Department of Neurology, Johns Hopkins School of Medicine, Baltimore, MD, United States.
Fujirebio Diagnostics Inc., Malvern, PA, United States.
J Appl Lab Med. 2024 Jul 1;9(4):789-802. doi: 10.1093/jalm/jfae033.
Standardizing cerebrospinal fluid (CSF) laboratory protocols will improve the reliability and availability of clinical biomarker testing required for prescription of novel Alzheimer disease (AD) therapies. This study evaluated several preanalytical handling and storage factors common to β-amyloid1-42 (Aβ1-42), β-amyloid1-40 (Aβ1-40), and phosphorylated tau (pTau181) concentrations including storage at different temperatures, extended cap contact, various mixing methods, and multiple freeze-thaw cycles.
Aβ1-42, Aβ1-40, and pTau181 concentrations were measured using LUMIPULSE G1200 automated assays. Samples were collected in polypropylene tubes of various volumes. Sample cap-contact was evaluated by storing samples in upright and inverted positions at either 4°C for 1 week or -80°C for 1 month. To assess mixing methods, samples were freeze-thawed and mixed by inversion, vortex, horizontal roller, or unmixed prior to assay sampling. The impact of successive freeze-thaw cycles was assessed through freezing, thawing, and analyzing CSF samples.
Short-term storage at 4°C did not affect Aβ1-42, Aβ1-40, or pTau181 measurements in any tube type. Tube cap contact affected Aβ1-42 in 2.5 mL tubes and pTau181 levels in 10 mL tubes. No difference was observed between mixing methods. After 4 freeze-thaw cycles, Aβ1-42 significantly decreased but Aβ1-40 remained unchanged. Utilizing the Aβ1-42/Aβ1-40 ratio, Aβ1-42 values normalized, maintaining ratio values within ±5% of baseline measurements.

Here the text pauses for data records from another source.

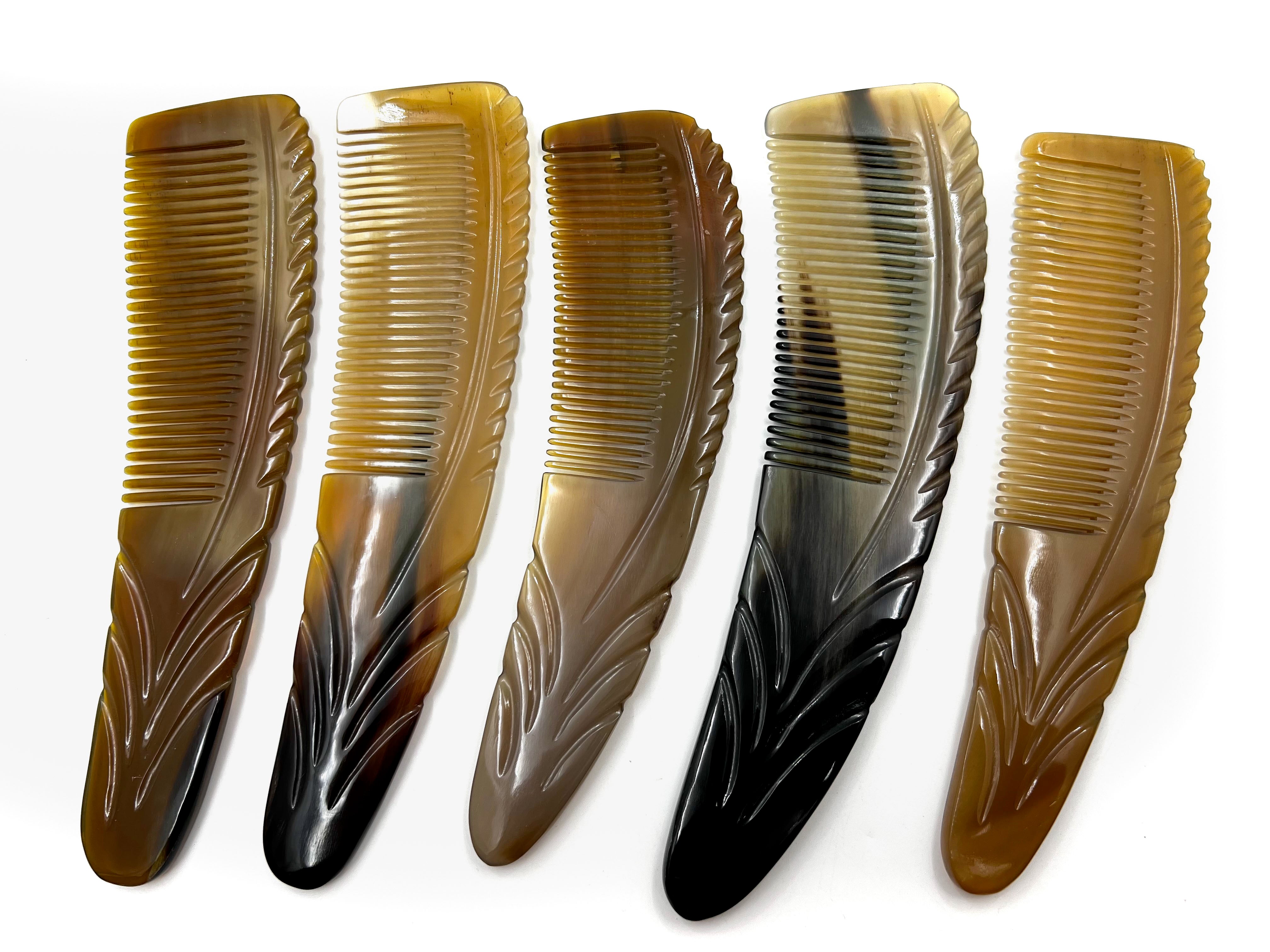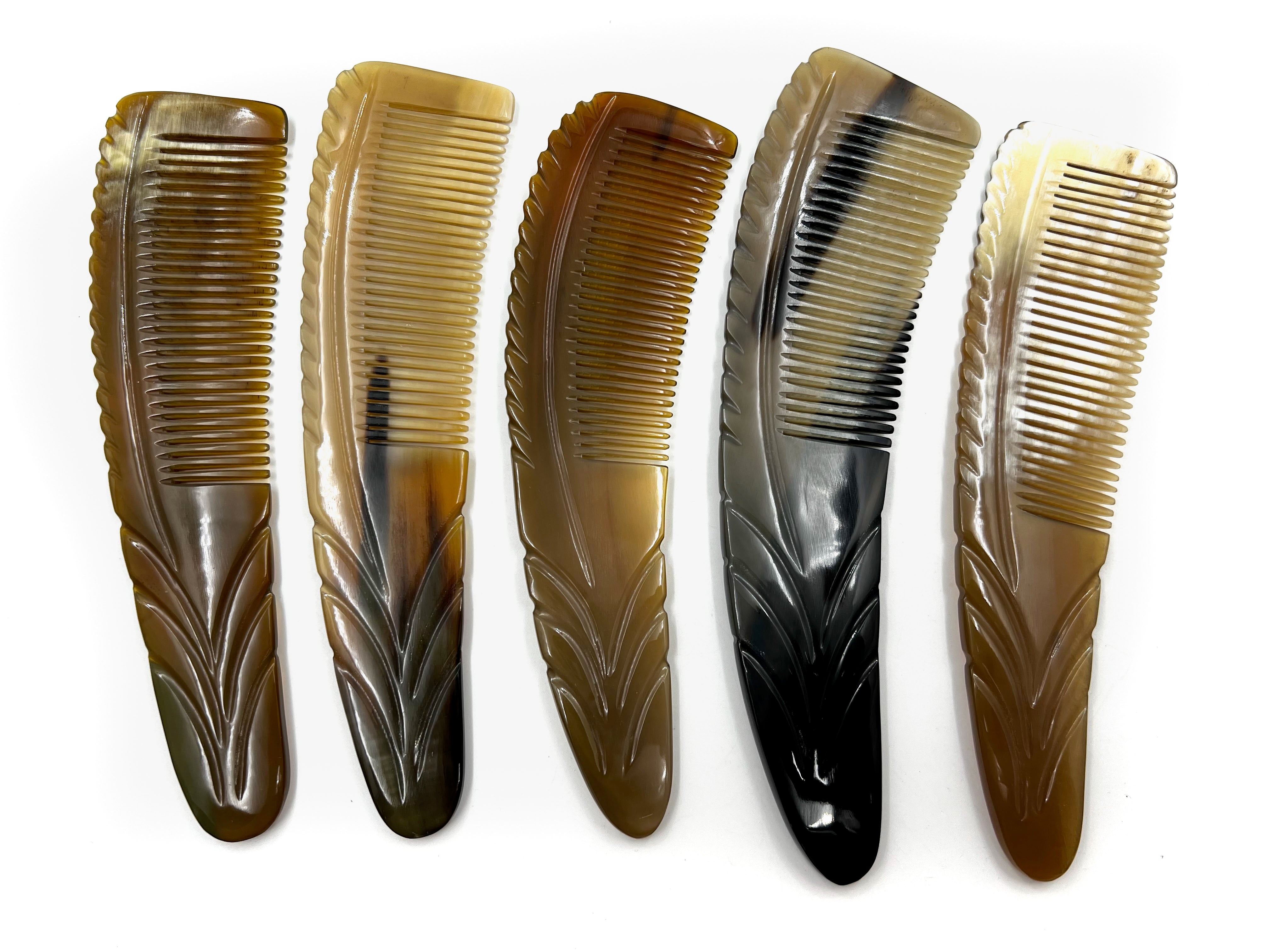 Ces peignes en corne naturelle sculptés à la main et très travaillés sont magnifiques à voir et fonctionnent à merveille pour trier les nœuds, répartir les huiles capillaires et vous garder au meilleur de votre forme. Contrairement aux peignes en plastique, ils sont naturellement antistatiques et parfaits pour la tête, la barbe ou n'importe où.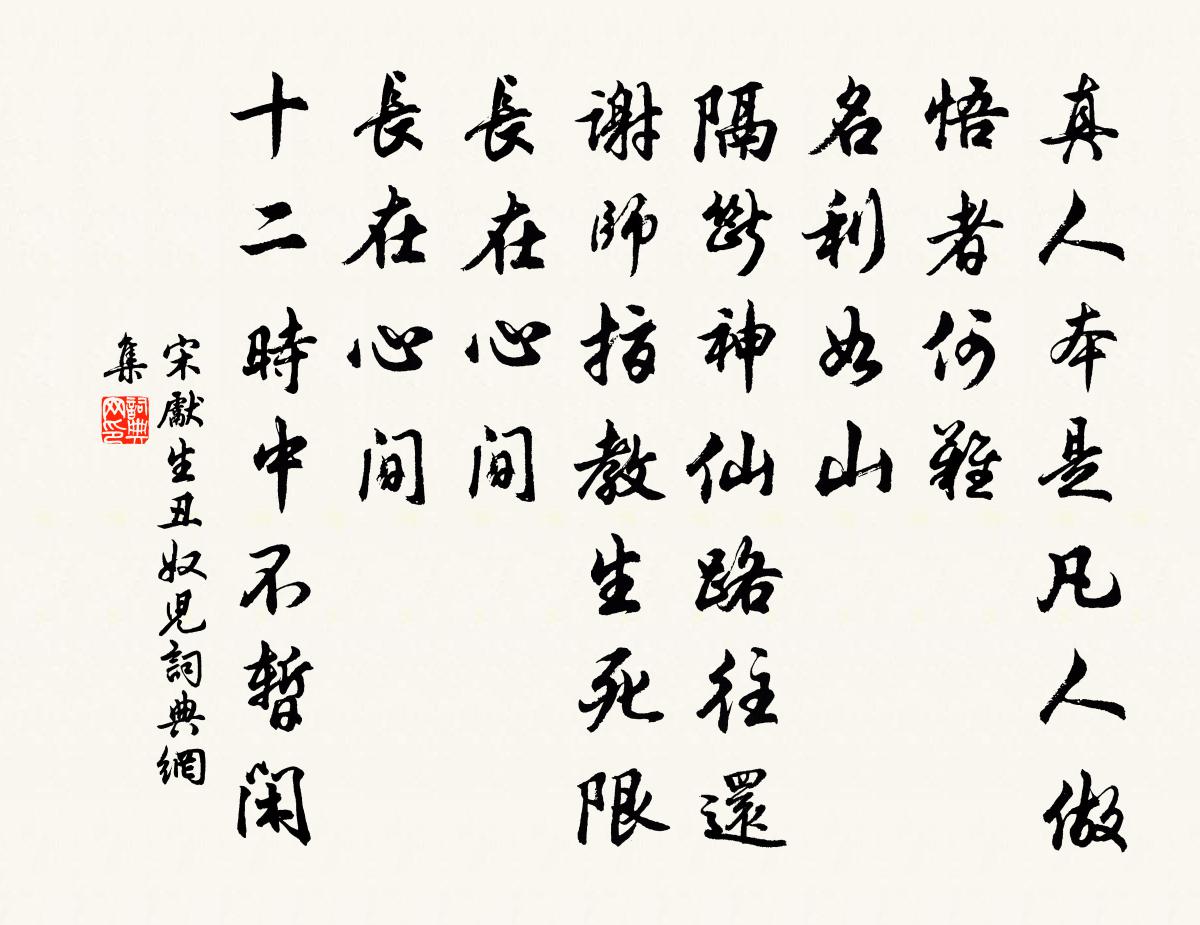 詩詞名句歷史字典書法欣賞書法字典國語詞典說文解字康熙字典古漢語字典標 題 作 者 詩 句 醜奴兒/採桑子作者:宋先生 朝代:宋代醜奴兒/採桑子原文真人本是凡人做,悟者何難。名利如山。隔斷神仙路往還。謝師指教生死限,長在心間。長在心間。十二時中不暫閒。詩詞問答問:醜奴兒/採桑子的作者是誰?答:宋先生問:醜奴兒/採桑子寫於哪個朝代?答:宋代問:醜奴兒/採桑子是什麼體裁?答:詞宋先生醜奴兒/採桑子書法欣賞醜奴兒/採桑子書法作品詩詞推薦宮詞三十三首曹勛〔宋代〕六宮上直試羅衣,未聽鞭聲等駕時。且趁曉閒臨御札,官家常是下朝遲。苦雨張耒〔宋代〕春淺天尚寒,雨多聲入夜。幽人不出門,坐惜梅花謝。庭竹未抽萌,酴醾將覆架。芳時喜病癒,淺酌供情話。趨世景靈宮聞子規楊萬里〔宋代〕今年未有子規聲,忽向宮中樹上鳴。告訴落花春不管,裴回曉月恨難平。斜風細雨又三月,柳絮浮雲空一生。豈不贈郭高叔三首陳造〔宋代〕翠扇紅牙淺黛愁,梁塵飛下晚雲留。貫珠未竟金杯側,卻欠周郎一轉頭。感春蘇泂〔宋代〕紛紛忙事幾曾閒,快上高樓得解顏。夜月一奩花似鏡,春風千疊柳如山。多情未放芳塵遠,漸老難追少日還。燕子鷓鴣天鄒應龍〔宋代〕壽母開年九十三。佳辰就養大江南。緹屏晃耀新寧國,繡斧斕斑老朴庵。傾玉斝,擘黃柑。兩孫垂綬碧於藍。便當某敬采民言成六韻為安撫閣老尚書壽伏幸過目張栻〔宋代〕前時勸君出東郊,父老歡呼望羽旄。甘雨便隨車馬到,眼看沾足遍蓬蒿。萬年春姬翼〔元代〕生滅無情,古今輪轉平如水。急須堤備。作個前程計。自有元初,一點何曾離。靈無比。煉成真體。壽量齊天地。寄題長溪楊恥齋梅樓樓乃其先世讀書之所陳鑒之〔宋代〕乃翁愛書書滿樓,萬軸插架堪汗牛。乃翁愛梅梅繞樓,千年老乾如蒼虬。梅護群書俗塵絕,書對梅梢滋味別。有時送僧入五泄貫休〔唐代〕五泄江山寺,禪林境最奇。九年吃菜粥,此事少人知。山響僧擔谷,林香豹乳兒。伊余頭已白,不去更何之。城南亭作張說〔唐代〕珂馬朝歸連萬石,稍門洞啟親迎客。北堂珍重琥珀酒,庭前列肆茱萸席。長袖遲回意緒多,清商緩轉目騰波。舊傳臨江仙(同前)晁補之〔宋代〕常記河陽花縣裡,恰如飯顆山逢。春城何處滿絲桐。綸巾並羽扇,君有古人風。重向梁王台畔見,黃花綠酒誰同。送廣東憲陳均二首李昴英〔宋代〕十五年間再繡衣,幡然一出浩然歸。囹空但欲全人命,綱打誰能避禍避。壬巧交攻邪害正,丁鐵奏免是成非。離亭秋晚獨步華岳〔宋代〕十分秋色著岩桂,幾陣晚涼催井桐。自恨異鄉知遇少,一樽相屬與誰同。茶山貢焙歌李郢〔唐代〕使君愛客情無已,客在金台價無比。春風三月貢茶時,盡逐紅旌到山裡。焙中清曉朱門開,筐箱漸見新芽來。陵煙急足集句王安石〔宋代〕年去年來來去忙,倚他門戶傍他牆。一封朝奏緣何事,斷盡蘇州刺史腸。秋晚雜書三十首方回〔宋代〕吾家一何奇,奇峰照南窗。是為紫陽山,萬木青樅樅。上有出岫雲,下有見底江。江清雲無心,伴此眉宇厖。詩思奉和聖制重陽日即事六韻權德輿〔唐代〕嘉節在陽數,至歡朝野同。恩隨千鍾洽,慶屬五稼豐。時菊洗露華,秋池涵霽空。金絲響仙樂,劍舄羅宗公。天道靈洲戴復古〔宋代〕一台中立郁蒼蒼,四面山光接水光。潮信往來知氣候,黿精出沒兆災祥。煙生茶灶僧留款,風展蒲帆客去忙。白髮烏李嶠〔唐代〕日路朝飛急,霜台夕影寒。聯翩依月樹,迢遞繞風竿。白首何年改,青琴此夜彈。靈台如可托,千里向長安。名句推薦平生不下淚,於此泣無窮。李白《江夏別宋之悌》 紛紛墜葉飄香砌。夜寂靜,寒聲碎。范仲淹《御街行·秋日懷舊》 關西老將不勝愁,駐馬聽之雙淚流。王維《隴頭吟》 娶妻無媒毋須恨,書中自有顏如玉。趙恆《勸學詩》 桑柘廢來猶納稅,田園荒後尚征苗。杜荀鶴《山中寡婦 / 時世行》 丹桂不知搖落恨,素娥應信別離愁。王琪《望江南·江南月》 已訴徵求貧到骨,正思戎馬淚盈巾。杜甫《又呈吳郎》 報導先生歸也,杏花春雨江南。虞集《風入松·寄柯敬仲》 望征路愁迷,離緒難整陸叡《瑞鶴仙梅》 大丈夫處世,當埽除天下范曄《後漢書·列傳·陳王列傳》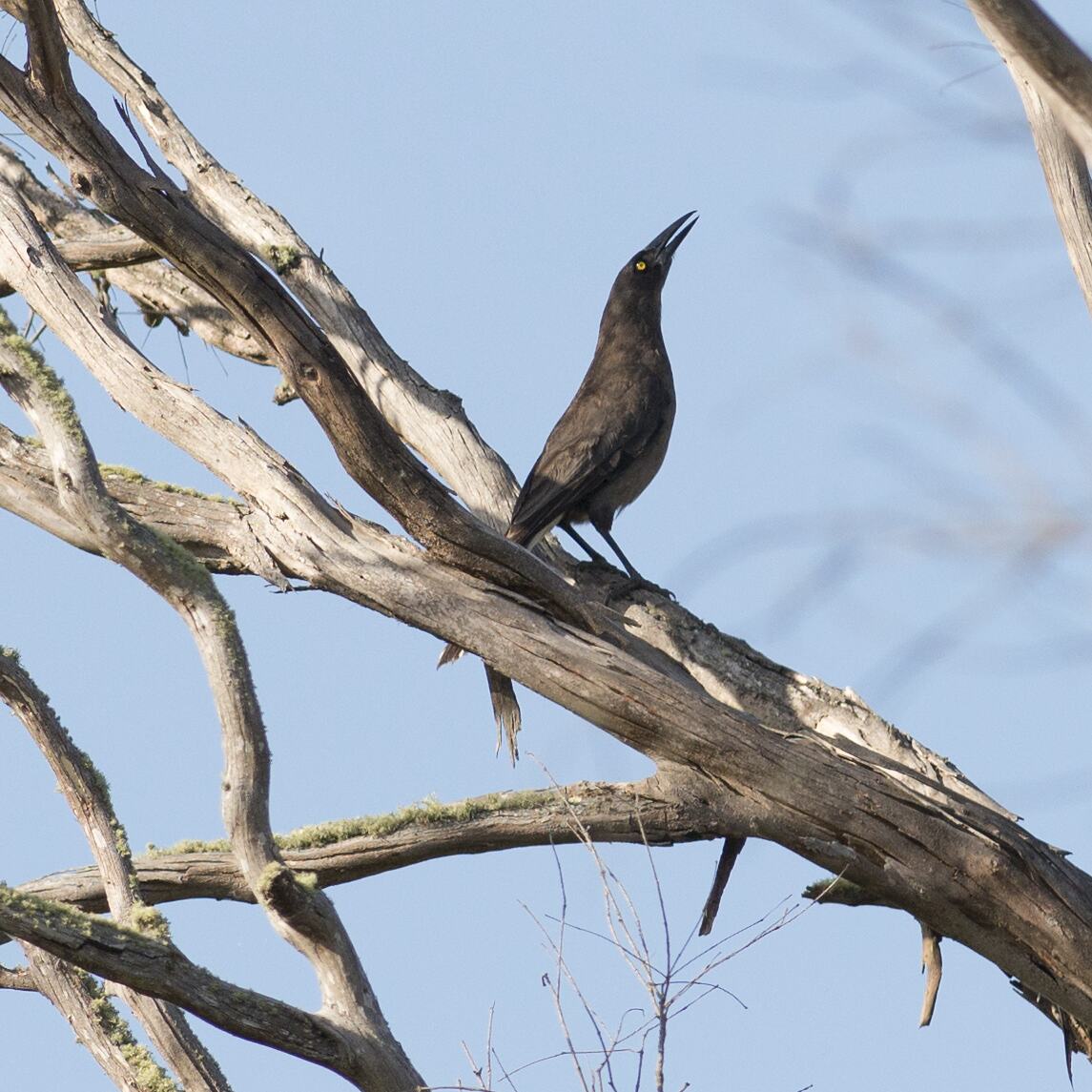 Grey Currawong are usually seen singly or in small groups. When standing on the ground, it stands proudly, very erect, with head and bill held high. It eats insects, small lizards and rodents and other small birds, as well as fruit. It forages opportunistically in groups, mainly on the ground, trunks or branches, but also in trees and shrubs. Can be confused with other currawongs but only Grey Currawongs are found in most of South Australia apart from the far south-east corner, where its distribution overlaps with the Pied Currawong. Two subspecies of the Grey Currawong are found in the lower south-east of South Australia and Kangaroo Island. They are darker and sooty black, while those found in the western parts of the state have white patches on their wings.
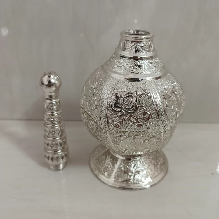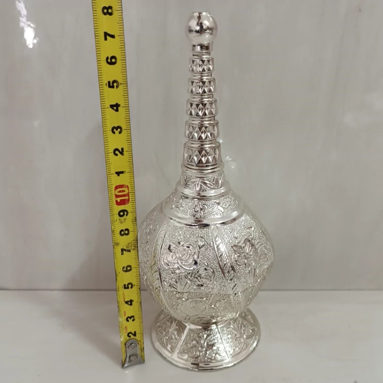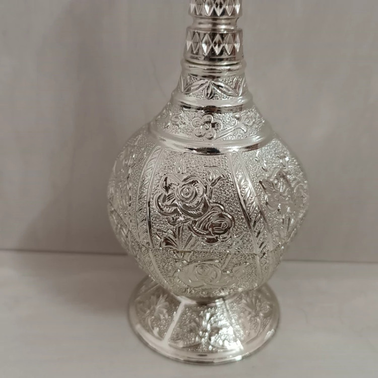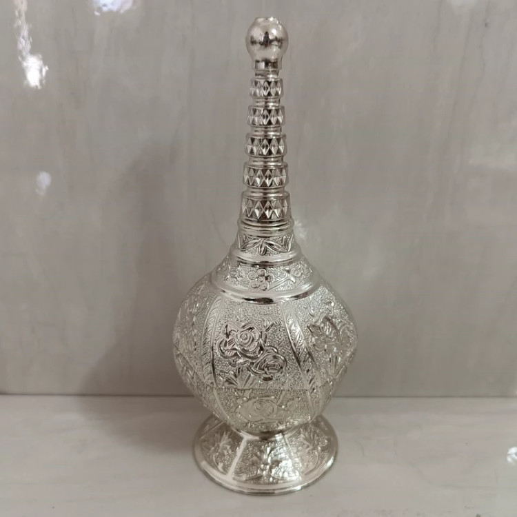 این ظرف از جنس پیوتر است و نقره ای رنگ میباشد و به صورت نانو شده است و مخصوص گلاب پاش هست و درب آن به صورت پیچی میباشد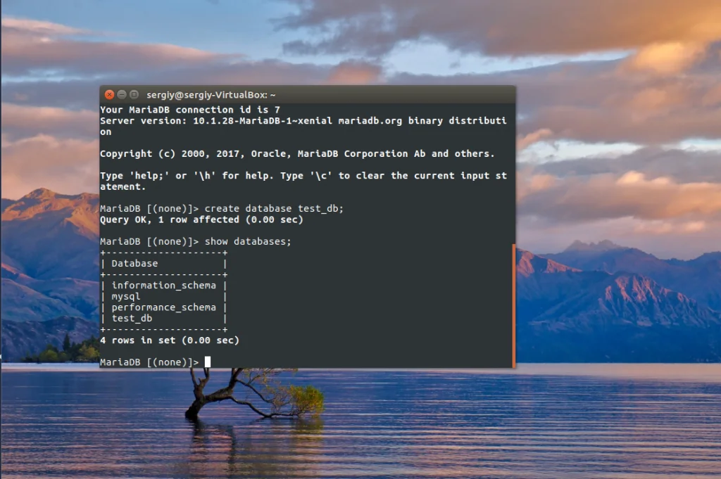 Когда обновление списка пакетов завершено, установите MariaDB командой:

Storage of CSF at 4°C for 1 week or -80°C for 1 month did not significantly affect Aβ1-42, Aβ1-40, pTau181, or associated ratio measurements. Tube cap-contact impacted pTau181 and pTau181/Aβ1-42 values in larger tubes. Mixing methods are equivalent. The Aβ1-42/Aβ1-40 ratio compensates for freeze-thaw variability up to 4 cycles.
标准化脑脊液(CSF)实验室方案将提高新型阿尔茨海默病(AD)治疗方案所需的临床生物标志物检测的可靠性和可用性。本研究评估了几种常见的β-淀粉样蛋白 1-42(Aβ1-42)、β-淀粉样蛋白 1-40(Aβ1-40)和磷酸化 tau(pTau181)浓度的预分析处理和储存因素,包括在不同温度下储存、延长管帽接触、各种混合方法和多次冻融循环。
使用 LUMIPULSE G1200 自动化检测试剂盒测量 Aβ1-42、Aβ1-40 和 pTau181 浓度。样本收集在不同体积的聚丙烯管中。通过将样本以直立和倒置的方式储存在 4°C 1 周或-80°C 1 个月,评估管帽接触。为了评估混合方法,在进行检测采样之前,将样本进行冻融并通过颠倒、涡旋、水平滚轮或不混合进行混合。通过冷冻、解冻和分析 CSF 样本来评估连续冻融循环的影响。
在任何管类型中,4°C 的短期储存都不会影响 Aβ1-42、Aβ1-40 或 pTau181 的测量。管帽接触会影响 2.5ml 管中的 Aβ1-42 和 10ml 管中的 pTau181 水平。混合方法之间没有差异。经过 4 次冻融循环后,Aβ1-42 显著减少,但 Aβ1-40 保持不变。利用 Aβ1-42/Aβ1-40 比值,Aβ1-42 值得到了标准化,使比值值保持在与基线测量值的±5%以内。
在 4°C 储存 CSF 1 周或-80°C 储存 1 个月不会显著影响 Aβ1-42、Aβ1-40、pTau181 或相关比值的测量。管帽接触会影响较大管中的 pTau181 和 pTau181/Aβ1-42 值。混合方法是等效的。Aβ1-42/Aβ1-40 比值可补偿多达 4 个循环的冻融变化。